Together, they constitute the total life-milieu; especially its social and experiential richness. Dalits and Adivasis are as much part of our human resources as anybody else is. This brings us to the core of the issue that concerns us here. The transformative potential of education lies precisely in its power to afford opportunities to all individuals who avail it, to escape from the limitations of the social group into which they are born by enabling them to come into a liberating contact with broader contexts. Living shut up in a small enclave — no matter how privileged — is assuredly harmful to every individual.

This is crucial to a society like ours whose real wealth is its unrivalled richness of variety, diversity and plurality. Imprisonment in the iron cages of caste and class proves self-defeating. Individuals are condemned to live and grow up in narrow social incubators and homogenized educational environments. By no stretch of imagination are they part of the sava sau karod Bharatwasi. They are denizens of scattered archipelagos of barriered affluence.

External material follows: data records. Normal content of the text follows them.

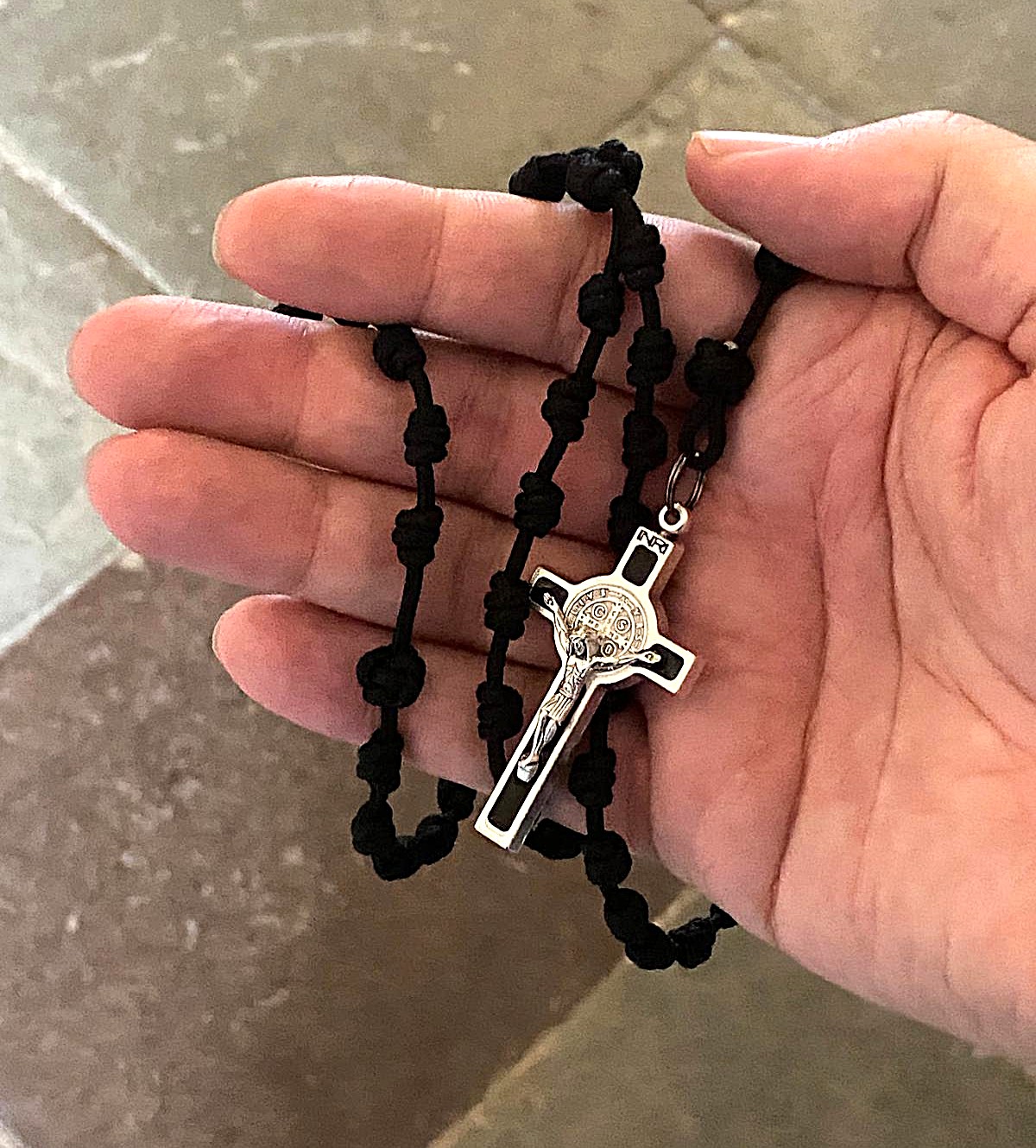 Rosenkranz mit schwarzen, geknoteten Perlen und Benediktus-Kreuz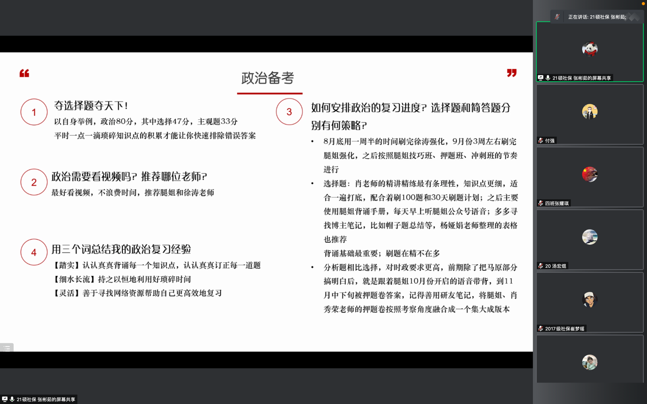12月12日下午3点,“实习与升学”交流会之升学专场在腾讯会议线上举办。太阳成集团tyc234cc2021届毕业生、北京大学社会保障专业硕士生崔梦瑶,本科党支部党员、劳动关系学专业2018级本科生张雨点,2021级硕士社会保障班党支部入党积极分子、2021级硕士生王焙焙、张彬茹,2021级硕士劳动经济学班党支部入党积极分子、2021级硕士生陈伟鸿,太阳成集团tyc234cc2021届毕业生、南洋理工大学创业管理专业硕士生王荣智参与交流会,分别就保研资格获取与目标院校申请准备、考研节奏安排与备考复习策略、留学申请时间线与注意事项和同学们进行交流,为高年级本科生提供不同升学方向的经验参考。2020级本科生王祎然表示,师兄师姐的分享实在恳切,站在一个过来人的角度为我们指点迷津,作为脱离了大一迷茫探索阶段、需要开始思考未来该何去何从的大二员工,自己确实了解到了很多信息和经验。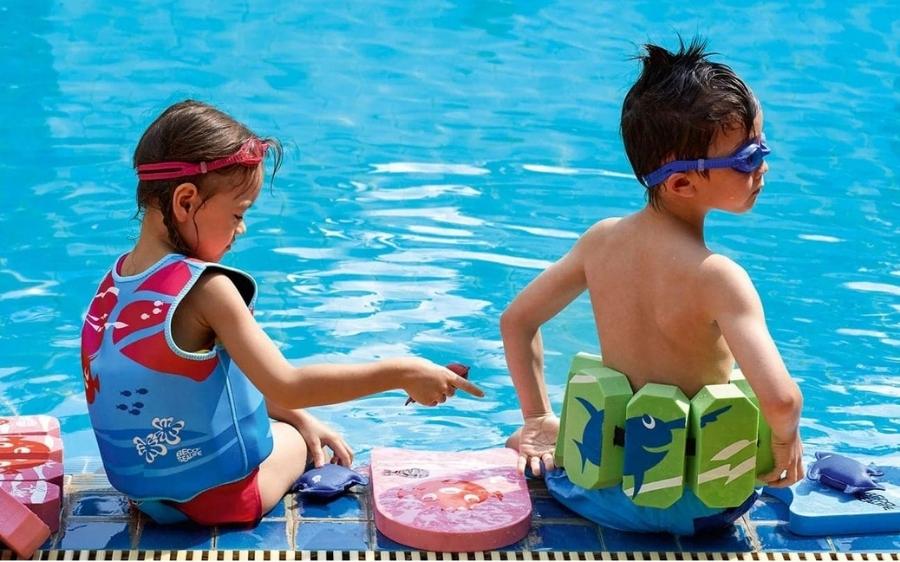 Vi har et udvalg af blandt andet baderinge, badevinger, hajfinner til børn og svømmeveste. Udstyret holder dit barn sikkert over vande samt giver fuld bevægelsesfrihed. Det giver dit barn muligheden for at mærke og forstå sine egne bevægelser i vand.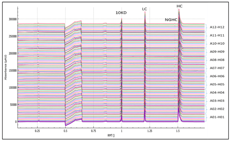 The sample and buffer plates prepared by the Biomek i5 Span-8 automated pipetting workstation were manually transferred to the BioPhase 8800 system for CE-SDS analysis. Figure 6 shows the overlay of the 96 electropherograms. The reproducibility of the CPA% and the RMT of the light chain (LC), heavy chain (HC) and non-glycosylated heavy chain (ng-HC) were calculated using the BioPhase 8800 software (Table 3). The %RSD values for RMT were 0.09%, 0.14% and 0.15% for LC, HC and ng-HC, respectively.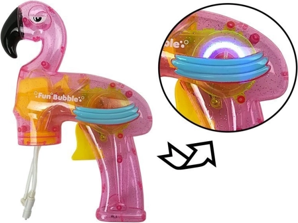 Breng uw plezier tot leven met het unieke flamingo-vormige bellenpistool. Perfecte combinatie van pistoolontwerp met een aantrekkelijk flamingo-ontwerp.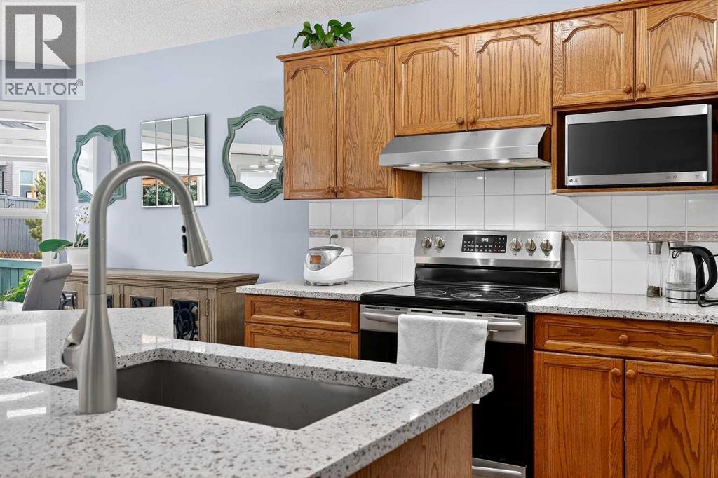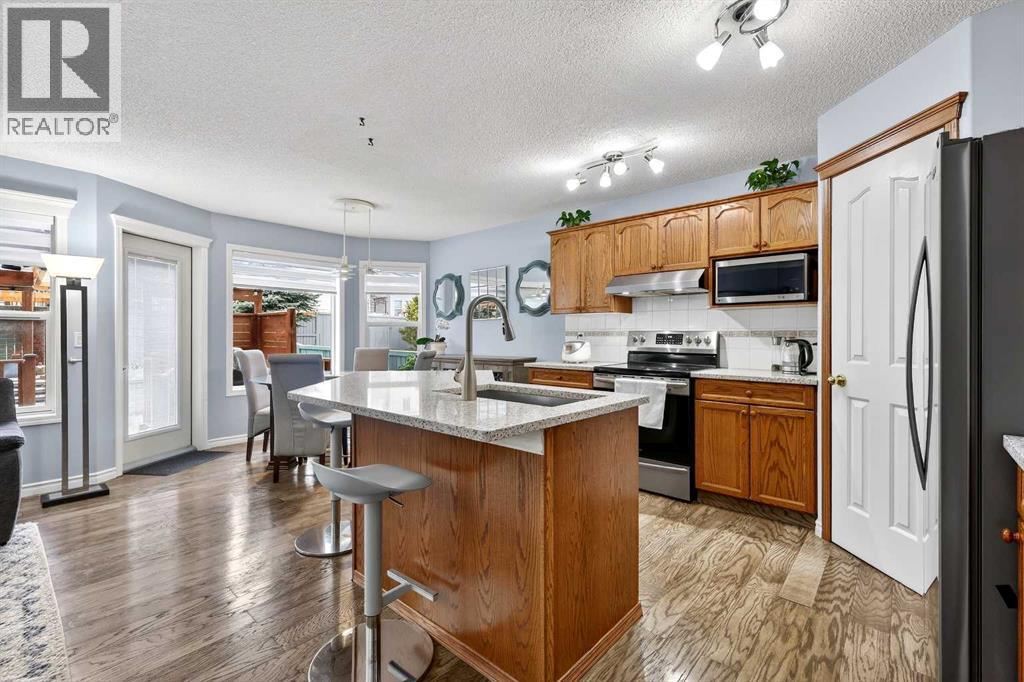 Welcome to the heart of Bridlewood—where community, comfort, and connection come together. Nestled in a neighbourhood where families plant roots and grow for years to come, this beautifully maintained and thoughtfully updated 2-storey home offers the perfect blend of warmth, function, and everyday living. Ideally located within walking distance to schools, parks, and scenic pathways, this is a home designed for both convenience and lasting memories. Step inside to a bright and inviting main floor, where a well-designed open concept layout brings the whole family together. Rich engineered hardwood flooring flows seamlessly throughout, complemented by fresh interior paint and timeless finishes. The kitchen has been tastefully refreshed with stunning quartz countertops, a flush eating bar, undermount sink, updated faucet, and sleek stainless steel appliances. Warm oak cabinetry adds character and depth, while a corner pantry ensures practical storage. The dining area is anchored by a charming bay window that fills the space with natural light and overlooks the beautifully designed backyard. It transitions effortlessly into the spacious living room, where a large feature window frames views of your outdoor retreat. A convenient 2-piece bath and a separate laundry room tucked off the mudroom complete the main level. Upstairs, a generous bonus room awaits—featuring an impressive ~11-foot vaulted ceiling, a second bay window, and a cozy gas fireplace with wood mantle and tile surround. This is the ultimate setting for movie nights, game days, or simply unwinding at the end of the day. The upper level also hosts three well-sized bedrooms, including a spacious primary retreat designed to accommodate a king-sized bed, complete with a walk-in closet and a private 4-piece ensuite featuring a deep soaker tub and separate shower. An additional full bathroom serves the secondary bedrooms. The partially finished basement expands your living space even further, offering a fourth bed room and a large family/recreation area—ideal for a growing teen, guests, or extended family stays. Step outside and discover a backyard built for enjoyment. A large deck, stunning pergola, and thoughtfully designed two-tiered yard create the perfect setting for entertaining, relaxing, and gardening. This outdoor space truly elevates the home and invites you to enjoy Calgary’s seasons to the fullest. Living in Bridlewood means being surrounded by amenities—shopping, restaurants, theatres, and quick access to Stoney Trail and Macleod Trail. You’re also just minutes from the YMCA, public library, and the world-renowned Spruce Meadows, offering year-round events, concerts, and the magical Christmas Market. This is more than a home—it’s a place to grow, gather, and create lasting family memories. (id:63190)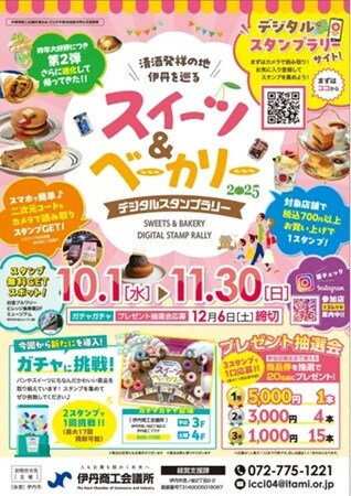 「『清酒発祥の地 伊丹』を巡るスイーツ&ベーカリー デジタルスタンプラリー2025」が、10月1日(水)~11月30日(日)の期間、開催される。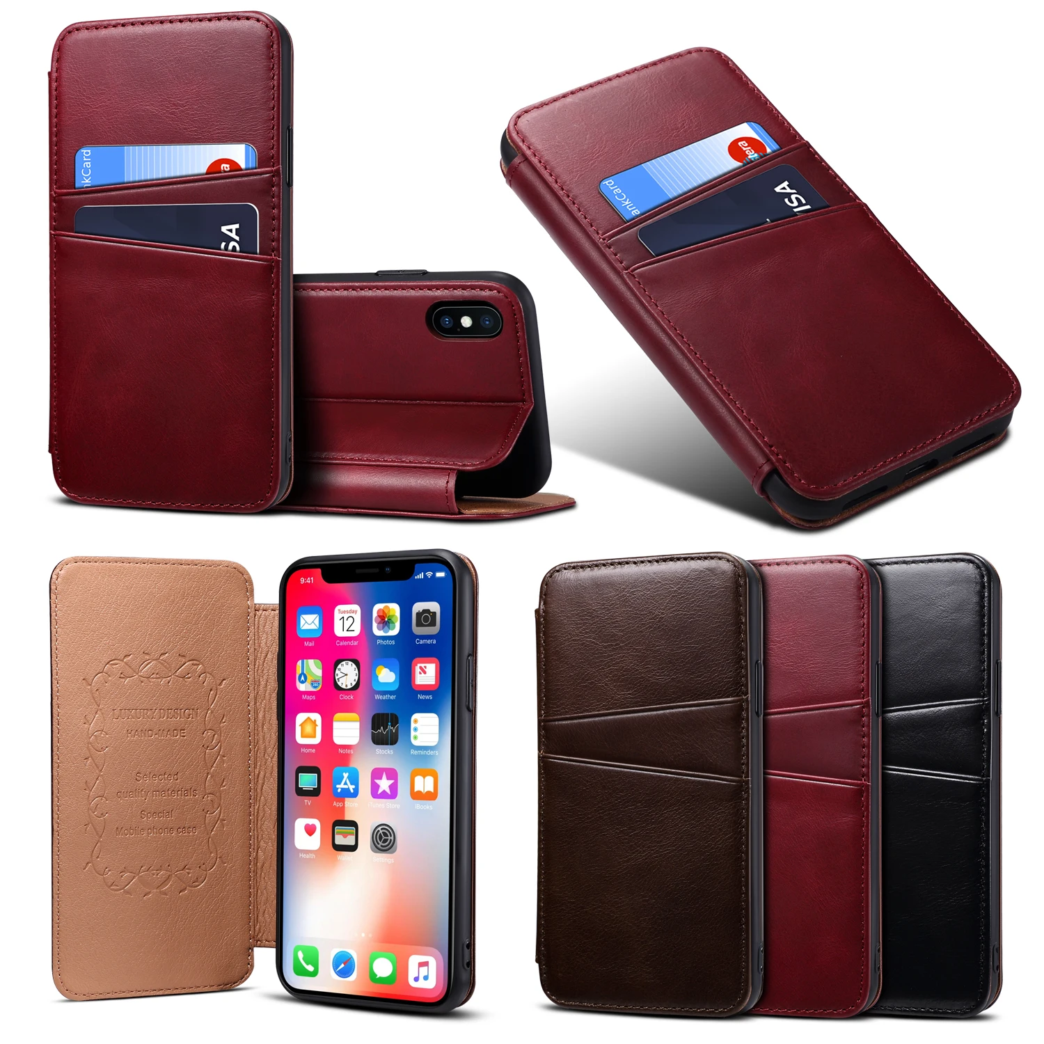 Item name | Ultra-thin glossy shockproof flip genuine cow leather phone case for iPhone X with front card slots and flip stand |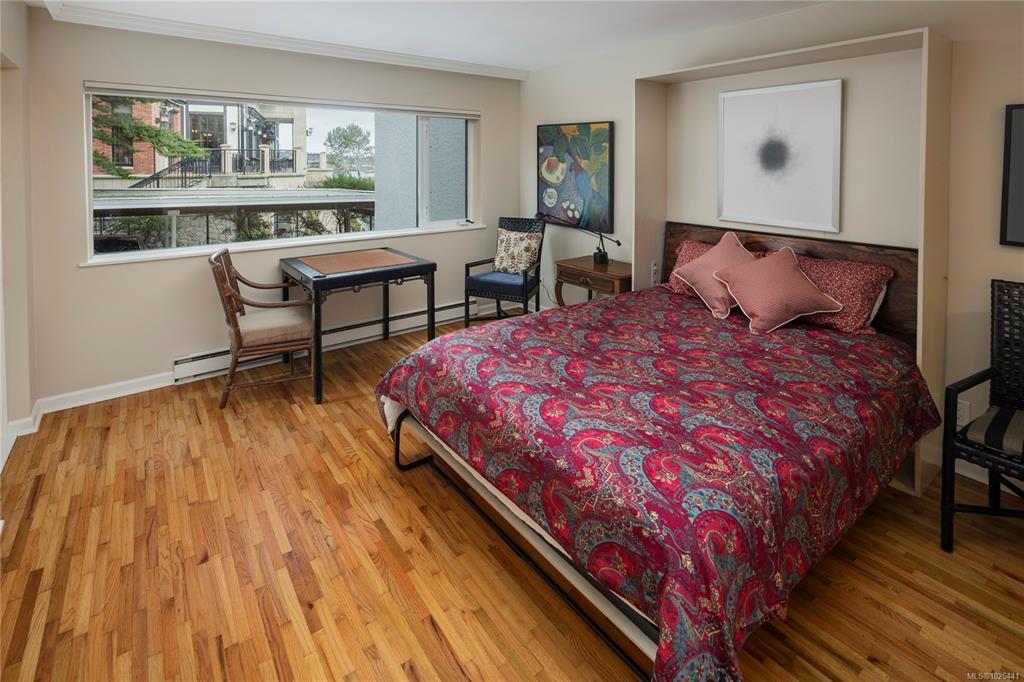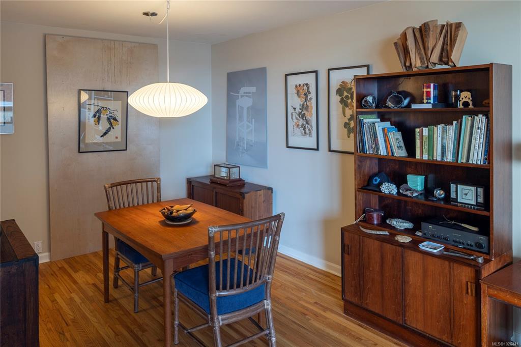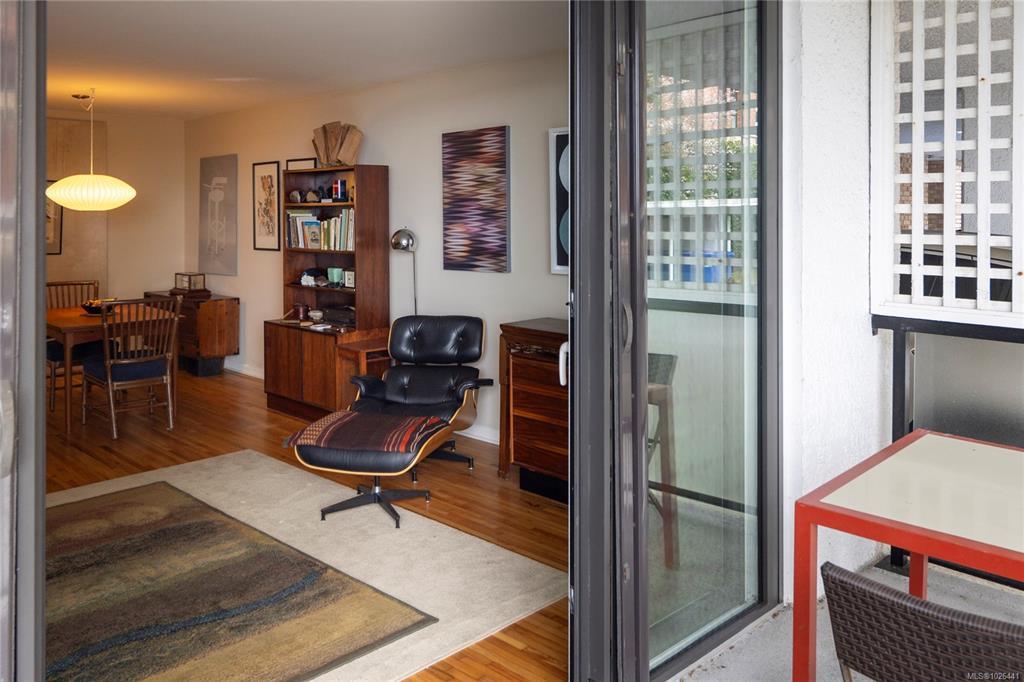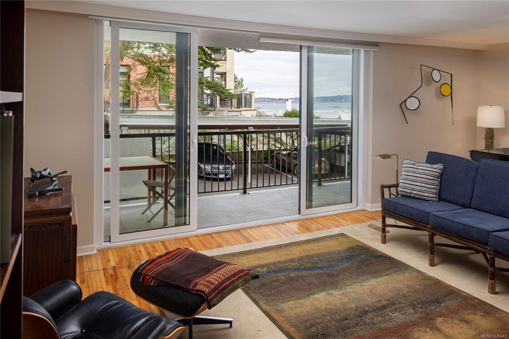 Welcome to this beautifully maintained one-bedroom, one-bathroom pet-friendly unit in the prime Hampshire House, offering gracious grounds close to golf clubs, Marinas, Hotels and Parks! This 866 square foot condo boasts oak floors, a spacious living/dining area with ocean views, and access to a large deck via floor-to-ceiling sliding glass doors. The galley kitchen and large bedroom, complete with a Murphy bed, provide comfort and functionality. This classic modernist steel and concrete building features a guest suite, a common viewing lounge with ocean views, a storage unit, bike lockers, a workshop, a large laundry area with new machines, and an accessible private beach. Enjoy a short stroll to the Victoria Golf Club, Oak Bay Marina, and a variety of restaurants and cafes. Experience one of the most beautiful locations in the Oak Bay market.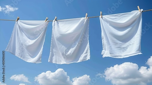 Three white towels hang on a clothesline against a blue backdrop Foreground features clouds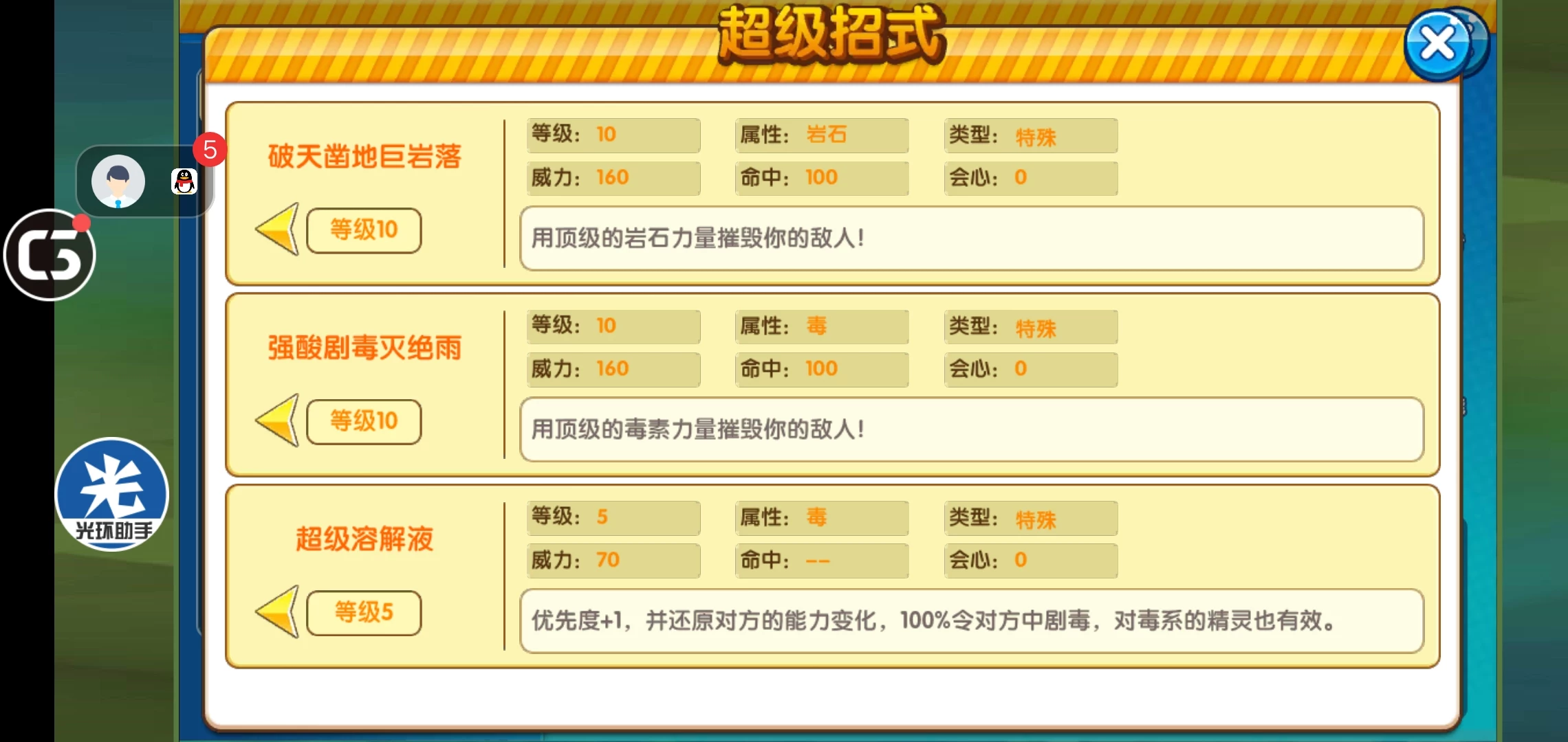 它的Z技能有三个,前两个是攻击性的,不推荐,只推荐使用最后一个,超级溶解液。它的效果是优先度+1,并还原对手的能力变化,100%令对方中剧毒,对毒系的精灵也有效。

Those who are familiar with even the rudiments of human growth will readily agree that exposure to what behavioural psychologists call “enriched environments” is essential for human development. Tolstoy, though a Count, educated himself assiduously in the realities of the life of the deprived. Had Amartya Sen and Mohammad Yunis lived unexposed to the broader realities, they would not have become Nobel Laureates. Social integration has been the seed of human achievements. Social and educational incubation, in contrast, works to the long-term disadvantage of the members of ‘privileged’ groups.

It is because of this that children from such backgrounds are now losing out ‘on merit’. They have already lost the cutting edge to their less privileged counterparts. Students from a certain posh public school in Dehradun, for example, who used to walk into St. Stephen’s College in the decades gone by, are no longer making it. They have dropped out of the race, so to speak. Similar is the case with other schools. Dalit children drop out of schools. Rich children, confined to homogenized environments, do not drop out of schools, but they lose out in the race. This is already happening.

From the perspective of intellectual formation, being confined to the framework of the high caste is as bad as being imprisoned in the low. Confinement is the issue. How does it matter that your cage is made of gold, and mine of iron? Broiler chicken tastes fibrously synthetic and fish, grown in domestic aquaria, are inedible for being vapidly tasteless. There is a moral in both.

Unless the present system of school education is radically revamped, education will continue to perpetuate social dismemberment, not promote social integration. In doing so, the educational project flies in the face of every applicable legislation; whether it be the Act of 1989 to protect Dalits against discrimination or the provisions of RTE Act, which mandate every local authority to ensure that children of disadvantaged groups “are not discriminated against and prevented from pursuing and completing elementary education on any ground.”

Reforming and qualitatively upgrading government schools is an urgent need. Many of them are notoriously inefficient, caste-ridden and discriminative. The acuteness of this oppression varies from place to place, depending on where these schools are located. Between them and private schools (attended by nearly 30 per cent of the students) the quality differential is worrisome. Those who attend public schools — the most private of all schools — are on a different plane altogether.

We are, thus, forced to confront the disquieting reality that the idolization of ‘merit’ — understood in a socially insensitive fashion — is today militating against the transformative scope of education. It is in the interest of the high in caste and class to engage with the wider social spectrum and to allow their children to grow up enriched and empowered, rather than protected and anaemic.

Time will prove that such children, not less than Dalit and Adivasi children, turn out disadvantaged; except that the face of the discrimination they suffer unawares is now painted in hues of caste and class privilege.